UK: TPT Retirement Solutions: Growth plan 2020 valuation
We summarise the key results of the 2020 Valuation. If you are an employer with Series 1 or Series 2 liabilities, then the 2020 Valuation will determine the level of deficit reduction contributions (DRCs) and expenses you will be required to pay going forwards.
Valuation results
The results of the 2020 Valuation have calculated the ongoing funding position of the GP at 30 September 2020 and placed a value on the level of deficit in the GP. The results of the 2014, 2017 and 2020 valuations are shown in the table below.
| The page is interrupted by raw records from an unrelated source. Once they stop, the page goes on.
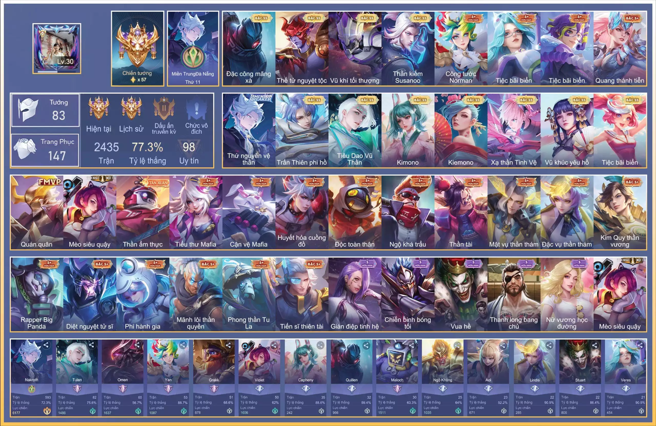 Loại acc | MUA ACC LIÊN QUÂN VIP: SKIN SSS, ANIME, CỤC VÀNG, MÁC THÁCH ĐẤU |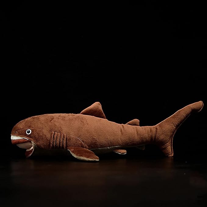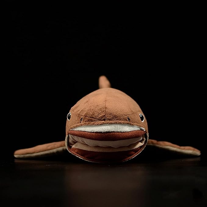 - SQUISHY SHARK PLUSH: Our megamouth shark plush imitates real marine animals. The adorable face and squeezable body of our shark plush are made from premium cloth and filler. its the brown fur is smooth and soft, bright dark brown body bottom, The big head is cute and interesting, the overall shape design is realistic, and the face design is unique, very realistic.
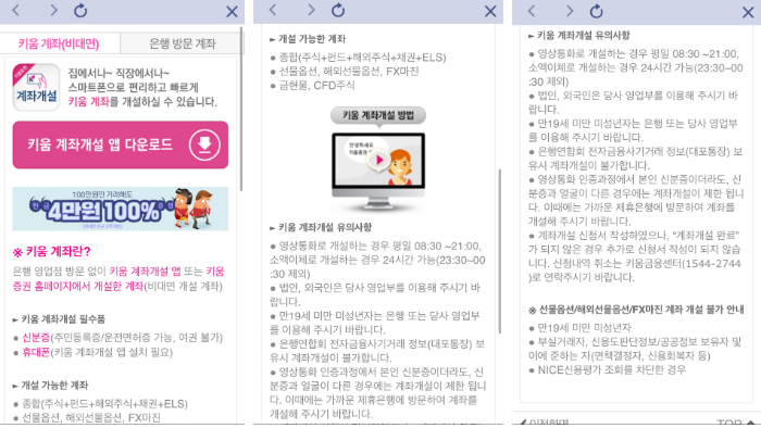 - 법인,외국인,재외국민은 비대면개설이 불가하며 당사 영업부를 이용해 주시기 바랍니다.(외국인,재외국민은 위탁/수익증권 상품만 가능)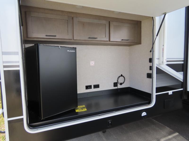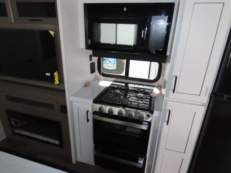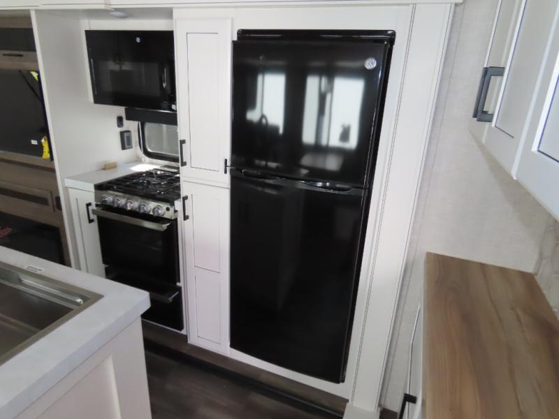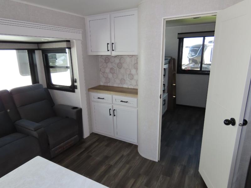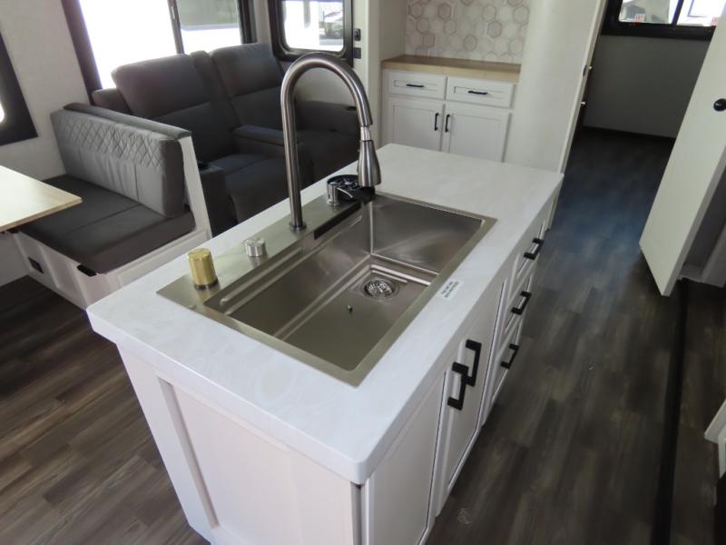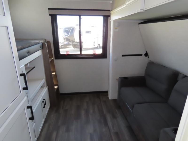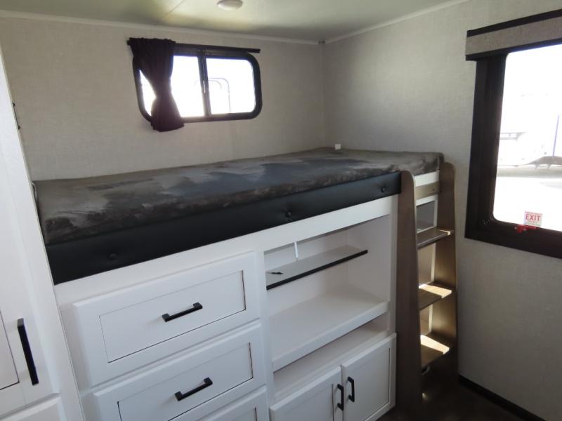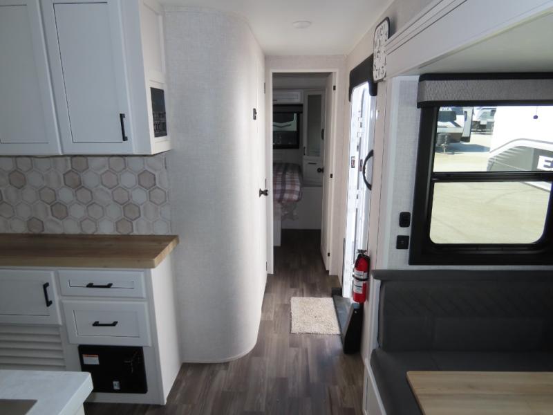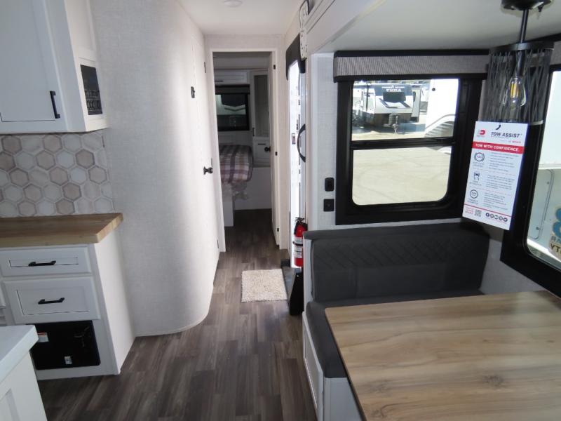This travel trailer is perfect for your larger group or family! There is a rear private bunkhouse with two bunks, a tri-fold sofa, plus a slide out for more space. You will have the front private bedroom all to yourselves with a queen bed, and any other guests can sleep on the tri-fold sofa and booth dinette! There is also a wardrobe/linen closet with washer and dryer prep if you plan to add a washer and dyer for convenience. The chef can prepare their best meals with the kitchen island and will enjoy having two hutches to store the essentials. They could even cook at the outside kitchen to breathe in some fresh air and enjoy the beautiful scenery!

Ongoing fundng valuation | 30 September 2014 | 30 September 2017 | 30 September 2020 |
Assets | £793m | £795m | £799m |
Liabilities | £970m | £926m | £832m |
Surplus / (Deficit) | (£177m) | (£131m) | (£33m)* |
Funding Level | 82% | 86% | 96% |
* The 2020 Valuation no longer builds in an allowance for future GP expenses in the deficit figure. Following consultation with the Employer Committee, these expenses will now be paid for in addition to the DRCs. Allowing for expenses (to compare with the 2014 and 2017 results) the deficit would have been £58m (93% funded).
Even ignoring the change in approach for expenses, the GP has seen an improvement in funding position and this will likely be welcomed by many employers, especially given the recent volatility in economic conditions.